“If you get too hot, you’ll get polio”. That’s what momma said. This is what all the mommas said the summer of 1956. That is what my cousin Diane’s mother Aunt Lee said. Next thing you know, Diane had polio. She was whisked off to the hospital where none of us could go see her; polio was very contagious you see. We knew polio was real because our neighbor lived in an iron lung and we were frightened. Besides that our mommas mentioned it every time we went outside, which was everyday.
I can remember how it started. I was riding my bicycle way up on Nottingham when the headache began. My head hurt so bad I could hardly peddle by 20-inch bike. I don’t remember how I got home but I do remember my head drawing back and my mother screaming when she saw me. Polio. I had gotten too hot. My mother has never been good with medical emergencies so no telling how we got to the hospital.
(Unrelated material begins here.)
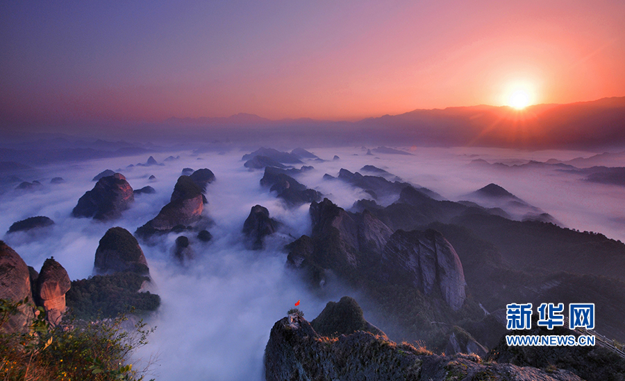 登上八角寨山,置身于翻滚的云气里观看日出。峰峦如聚,旭日与云海交相辉映,山川如一幅水墨画,红日点缀其上,壮丽风光让人心潮澎湃。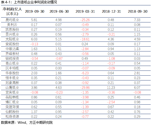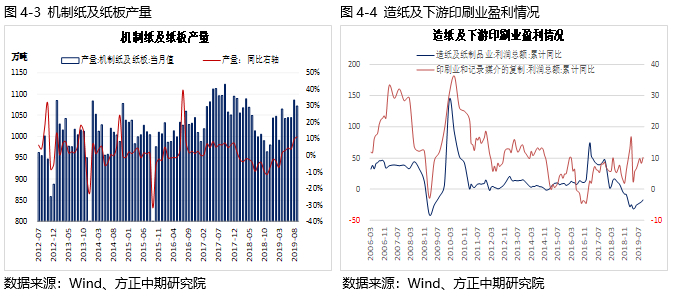2019年中国造纸行业景气度继续下行,1-10月行业利润总额累计506亿元,同比下降17%,为2013年以来最低值,造纸工业PPI连续10个月下降。纸厂预期偏弱,开工意愿较低,上半年以去库存为主,1-4月纸产量同比下降。进入三季度末后,情况有所好转,由于原料木浆价格大幅下跌,及成品纸价格的反弹,行业利润开始回升,8-9月利润总额同比转正,上市造纸企业净利润普遍由2018年3季度的净亏损转为盈利,9-10月机制纸及纸板产量同比增幅达到28%和22%,1-10月机制纸及纸板总产量增至10,346万吨,同比增加3.3%,盈利好转及旺季需求增加刺激纸厂生产热情。

The doctor came in, took one look at me and ordered a spinal tap. Now a tap doesn’t sound like much, similar to a pat. That would be wrong. The spinal tap needle looked two feet long and it hurt like the dickens when they plunged it in to my spine. The tell-tale spinal fluid held the key to my future. That key fit in the door to my room at the Jackson Hospital. No visitors, one nurse per shift allowed in my room. My grandmother sent me two Ginny Dolls with several changes of clothes that amused me day and night.
Momma had her hands full with my daddy being stationed in Texas in the Air Force, my brother Tim less than two, my brother Bob 13, and lo and behold if my aunt didn’t drop her kids off with for the summer. I guess that she was not concerned about the contagiousness of polio. Poor momma, trying to feed three extra children along with everything else on her plate. As Grandma used to say, “If it ain’t one damn thing, its another”.
Meanwhile I was stuck in the hospital while Bob and cousin Donny were home with the Whitman Samplers that concerned neighbors had sent. This is where I can track my mental problem I have with Whitman’s Samplers back to. I couldn’t have any outside food brought in to the hospital. Bob and Donny found they couldn’t resist the Whitman’s Sampler. I am sure that they did not intend to eat both boxes. I found most of the cream filled candy with a pin hole in the bottom, that way they could leave them looking virtually untouched in hopes that they would not get killed by momma when I started crying. Quite frankly, I never got over that. I have been known quite recently to hide my highly anticipated birthday Whitman Sampler in my underwear drawer and eat the whole thing myself. I eat the creamed filled centers last.